One natural offshoot of ubiquitous EHRs (and eventually PHRs) is telemedicine. Remote access medicine has been quite successful in niche fields such as electronic ICU monitoring and the spoke-and-hub model connecting large, tertiary care stroke centers with rural emergency departments for remotely assessing patients for intravenous tPA administration. As the population ages, compliance requirements increase and human capital remains limited as well as expensive, it’s clear we have only scratched the surface of telemedicine.
In February 2009, the president signed a new law, the Health Information and Technology for Economic and Clinical Health (HITECH) Act as part of the stimulus package.

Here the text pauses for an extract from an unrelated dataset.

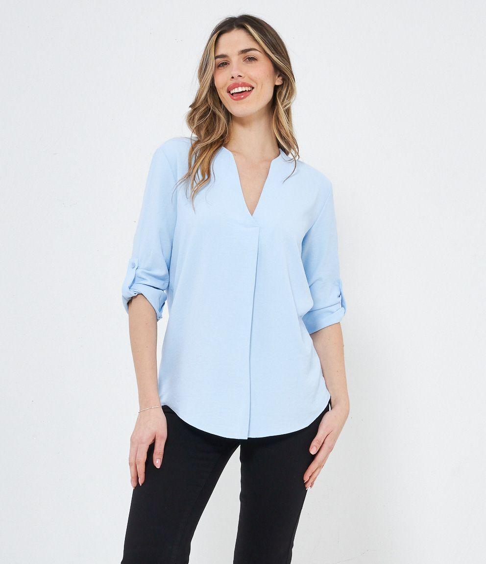 Casacca modello regular fit con scollo a V, maniche a tre quarti con risvolti e passante.
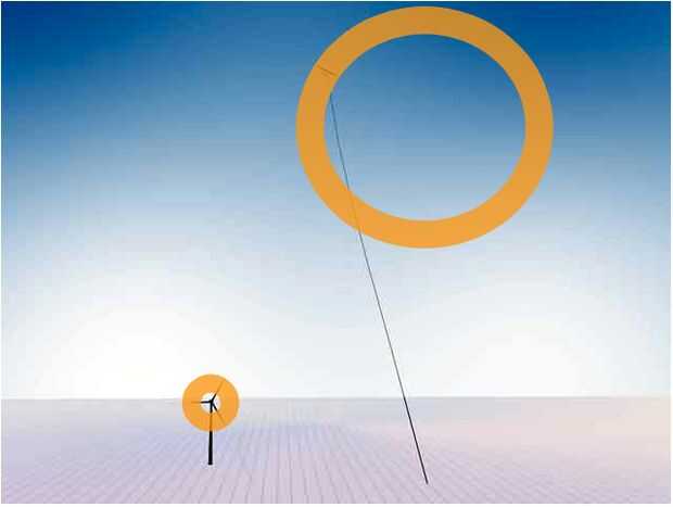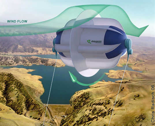 Hasta ahora, turbinas de viento de aire han sido inmóviles, sólo a la cara el viento, como el sistema de Magenn Air Rotor aparece a la derecha. Un sistema como este no sólo es poco imaginativo, pero carece del tamaño y área de un terreno basado en la turbina de viento. La única ventaja que ofrece Magenn es que funciona en altitudes más altas, pronto. Un sistema de la cometa, como se propone en este proyecto no sólo enfrentaría el viento como el sistema de Magenn air rotor, pero tal cometa volaría en un camino predeterminado de viento desde el punto de anclaje y el movimiento de la cometa le b e redirigido a transversal al viento. La cometa volaría en un eje orbital, es el mismo sentido que la hoja de una turbina de viento vuela transversal al viento. El viento no sólo apoyar la cometa en este sistema, pero también sería estar generando electricidad utilizable. La cometa en este caso, sería imitar el movimiento de rotación de la punta de la turbina de viento. La punta de la turbina de viento es una de las partes más eficientes del molino que constituye el 25% de la hoja. En algunos casos, la punta de la turbina eólica produce 75% de la potencia generada. La punta está rotando a la velocidad más alta debido a que está arrasando la mayor parte de la hoja.

The goal is to provide financial incentives for rolling out EHRs, and the act mentions “meaningful use” of electronic health information.
How does one define meaningful use: meaningful to the health care provider, the hospital system or, most importantly, the consumer? One thing is for sure: What is meaningful today will be very different from what is meaningful 10 years from now when increasing numbers of the hyper-texting denizens of current social networks are active and paying participants in the health care industry. Will health care software evolution keep up with the pace at which the wireless, interconnected cyber world is evolving?
The digitalization of health records and care processes is a game changer in ways we have yet to quantify. Above all, it may very well change the very definition of what constitutes “the good doctor.” KMFC! (keeping my fingers crossed!)